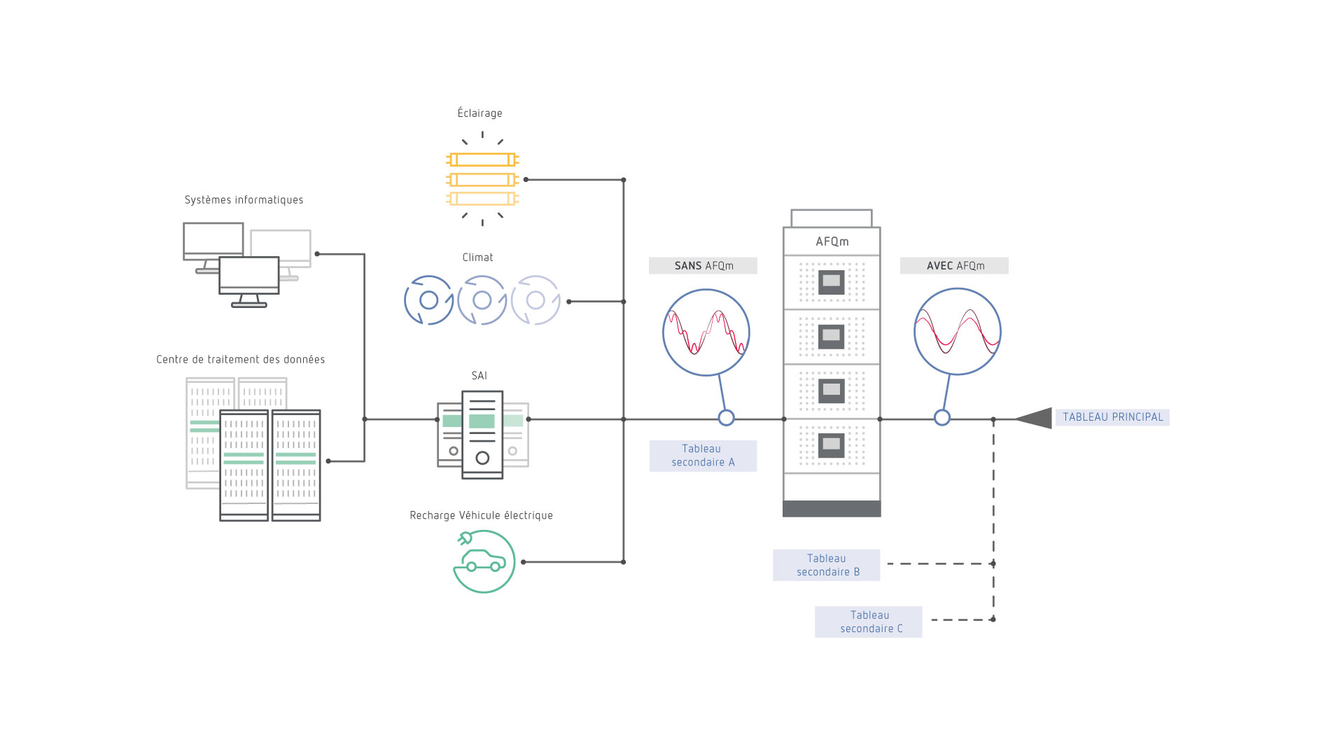L'utilisation d'équipements avec conversion de courant alternatif (CA) à courant continu (CC) s'est étendue aux applications industrielles. Les installations industrielles, telles que les variateurs de vitesse ou de fréquence, les systèmes d'automatisation et de contrôle, les systèmes de climatisation, les chambres froides, les monte-charges, les systèmes de pompage, les éclairages LED et actuellement les systèmes de recharge de véhicules électriques, sont devenues un utilisateur régulier de ce type de solutions. Cette technologie est une source de génération d'harmoniques qui provoquent un certain nombre de problèmes dans nos installations industrielles.
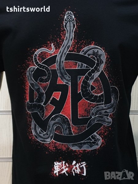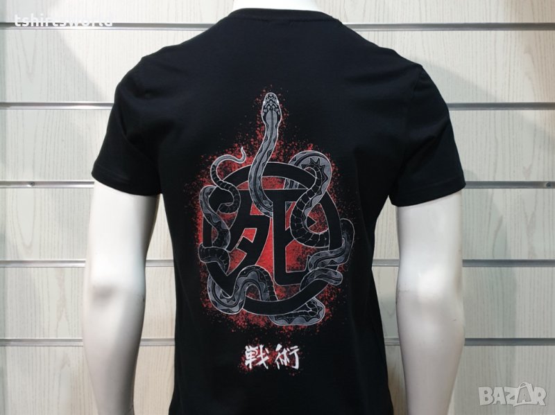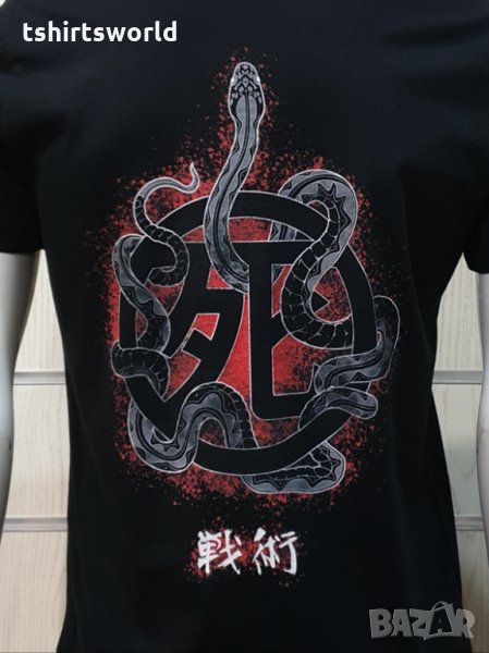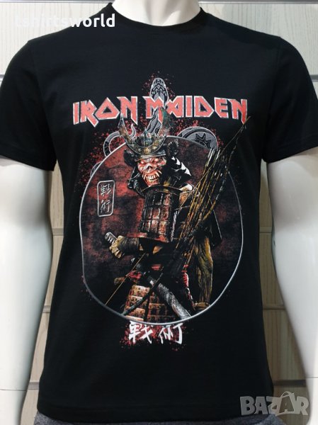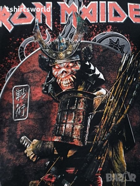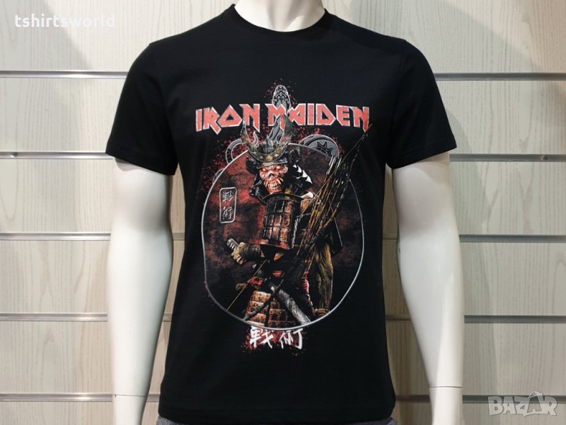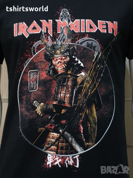 Страхотна нова мъжка тениска в черен цвят с дигитален печат на музикалната група IRON MAIDEN -Senjutsu Samurai Eddie Snake Death с дигитален печат и на гърба
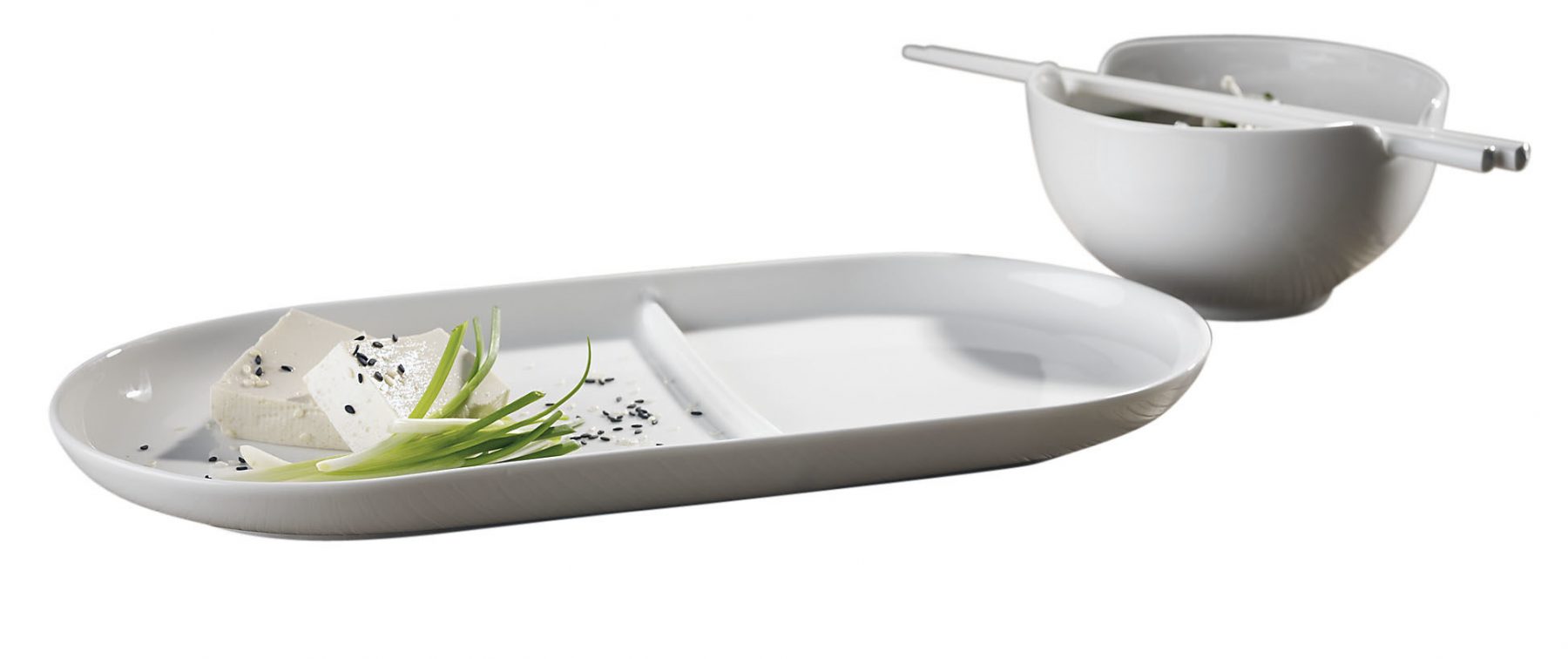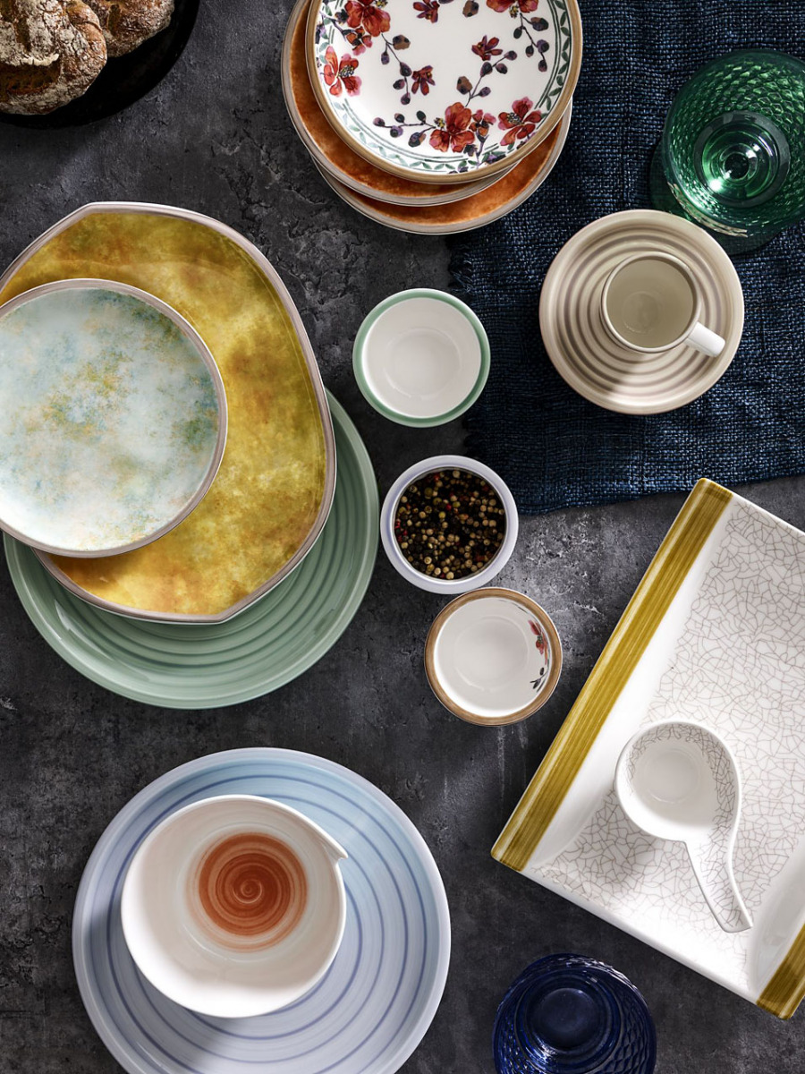 Kráľom jedálenskej tabule zostáva biely porcelán, úspešne mu však konkurujú ďalšie materiály a povrchové úpravy, predovšetkým porcelán a keramika s matnou glazúrou v prírodných farbách – antracitovej, hnedej, šedej či béžovej – a inšpirované japonskou a čínskou kultúrou. Zaujímavo pôsobia glazúry s metalickým efektom, imitujúce patinované železo, meď či strieborné kovy. Trendy farbami sú okrem zemitých odtieňov aj tlmená ružová a zelená.
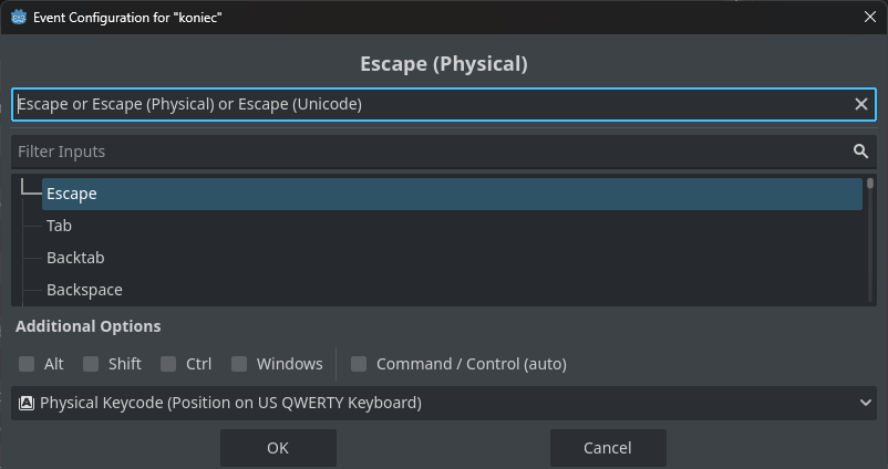 Na górze okna z Input Map kliknij w pole Add New Action i wpisz w nim koniec. Zostanie utworzona nowa akcja – znajdź ją na liście i kliknij + obok niej. Wyskoczy okienko w którym wciśniesz Escape:
****************
**What is expected:** Your task is to retype, exactly and only, the lines from the line holding "Kráľom jedálenskej tabule" through the final line of the data above, with both ends kept. Drop the pictures.

**Answer to this task:**
 Kráľom jedálenskej tabule zostáva biely porcelán, úspešne mu však konkurujú ďalšie materiály a povrchové úpravy, predovšetkým porcelán a keramika s matnou glazúrou v prírodných farbách – antracitovej, hnedej, šedej či béžovej – a inšpirované japonskou a čínskou kultúrou. Zaujímavo pôsobia glazúry s metalickým efektom, imitujúce patinované železo, meď či strieborné kovy. Trendy farbami sú okrem zemitých odtieňov aj tlmená ružová a zelená.
 Na górze okna z Input Map kliknij w pole Add New Action i wpisz w nim koniec. Zostanie utworzona nowa akcja – znajdź ją na liście i kliknij + obok niej. Wyskoczy okienko w którym wciśniesz Escape:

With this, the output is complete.